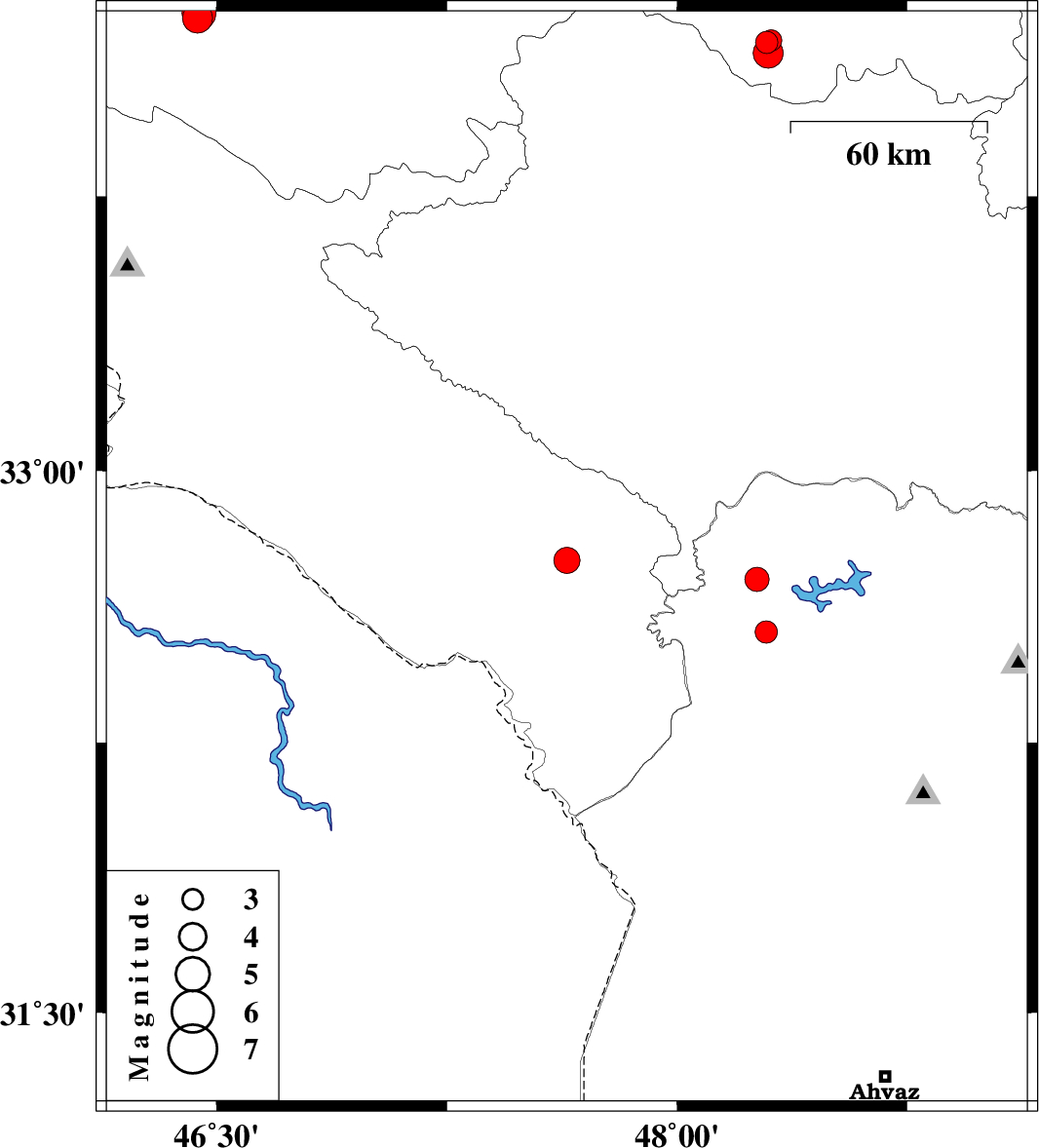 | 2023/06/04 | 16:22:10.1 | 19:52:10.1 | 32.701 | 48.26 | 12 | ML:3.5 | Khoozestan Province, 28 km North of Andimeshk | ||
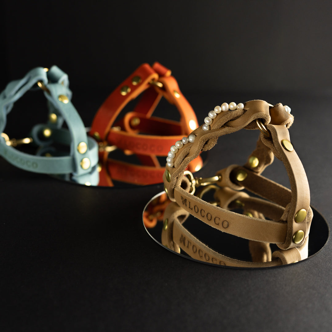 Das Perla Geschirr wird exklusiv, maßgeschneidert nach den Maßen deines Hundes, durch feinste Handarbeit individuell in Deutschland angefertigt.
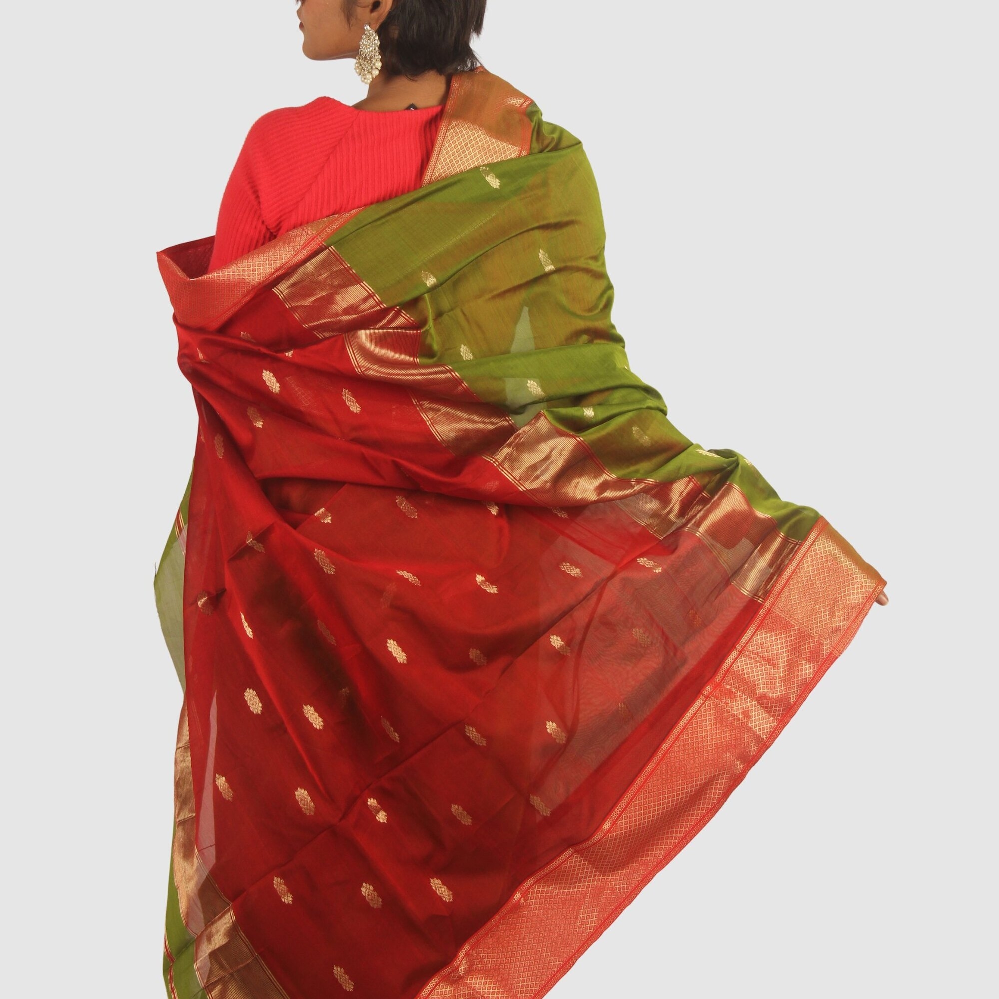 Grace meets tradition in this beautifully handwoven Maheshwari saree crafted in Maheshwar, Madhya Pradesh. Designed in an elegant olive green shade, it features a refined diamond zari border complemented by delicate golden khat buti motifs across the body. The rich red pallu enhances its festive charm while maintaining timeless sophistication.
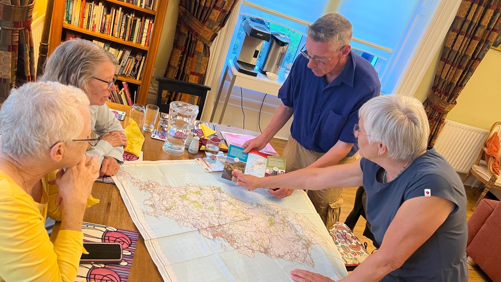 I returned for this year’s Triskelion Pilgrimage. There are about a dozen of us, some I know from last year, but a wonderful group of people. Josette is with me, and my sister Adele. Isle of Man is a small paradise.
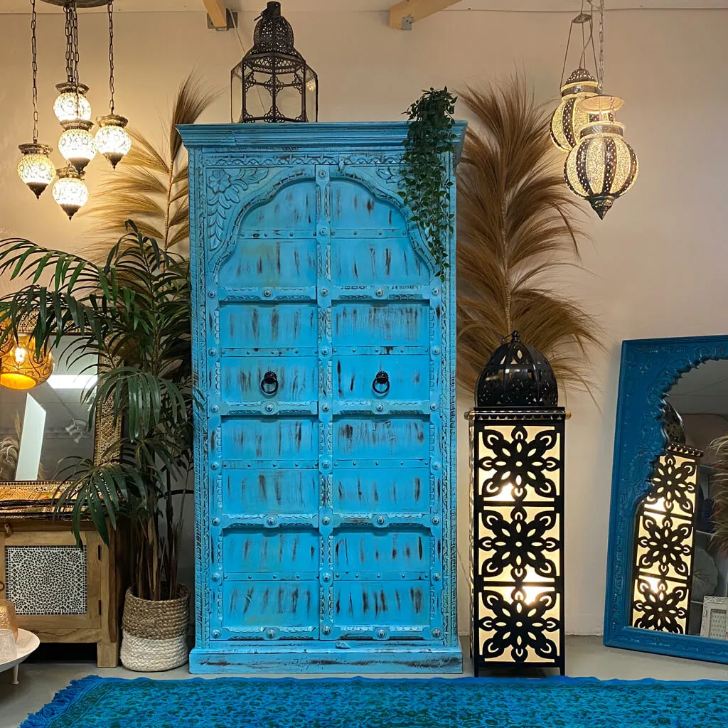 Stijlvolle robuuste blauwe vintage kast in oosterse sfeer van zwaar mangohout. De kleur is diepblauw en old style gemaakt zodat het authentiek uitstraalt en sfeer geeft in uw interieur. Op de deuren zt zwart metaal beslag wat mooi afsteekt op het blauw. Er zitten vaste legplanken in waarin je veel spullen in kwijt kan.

Your objective>
Line for line, restate the data above and omit every picture.

Solution to this problem>
 | 2023/06/04 | 16:22:10.1 | 19:52:10.1 | 32.701 | 48.26 | 12 | ML:3.5 | Khoozestan Province, 28 km North of Andimeshk | ||
 Das Perla Geschirr wird exklusiv, maßgeschneidert nach den Maßen deines Hundes, durch feinste Handarbeit individuell in Deutschland angefertigt.
 Grace meets tradition in this beautifully handwoven Maheshwari saree crafted in Maheshwar, Madhya Pradesh. Designed in an elegant olive green shade, it features a refined diamond zari border complemented by delicate golden khat buti motifs across the body. The rich red pallu enhances its festive charm while maintaining timeless sophistication.
 I returned for this year’s Triskelion Pilgrimage. There are about a dozen of us, some I know from last year, but a wonderful group of people. Josette is with me, and my sister Adele. Isle of Man is a small paradise.
 Stijlvolle robuuste blauwe vintage kast in oosterse sfeer van zwaar mangohout. De kleur is diepblauw en old style gemaakt zodat het authentiek uitstraalt en sfeer geeft in uw interieur. Op de deuren zt zwart metaal beslag wat mooi afsteekt op het blauw. Er zitten vaste legplanken in waarin je veel spullen in kwijt kan.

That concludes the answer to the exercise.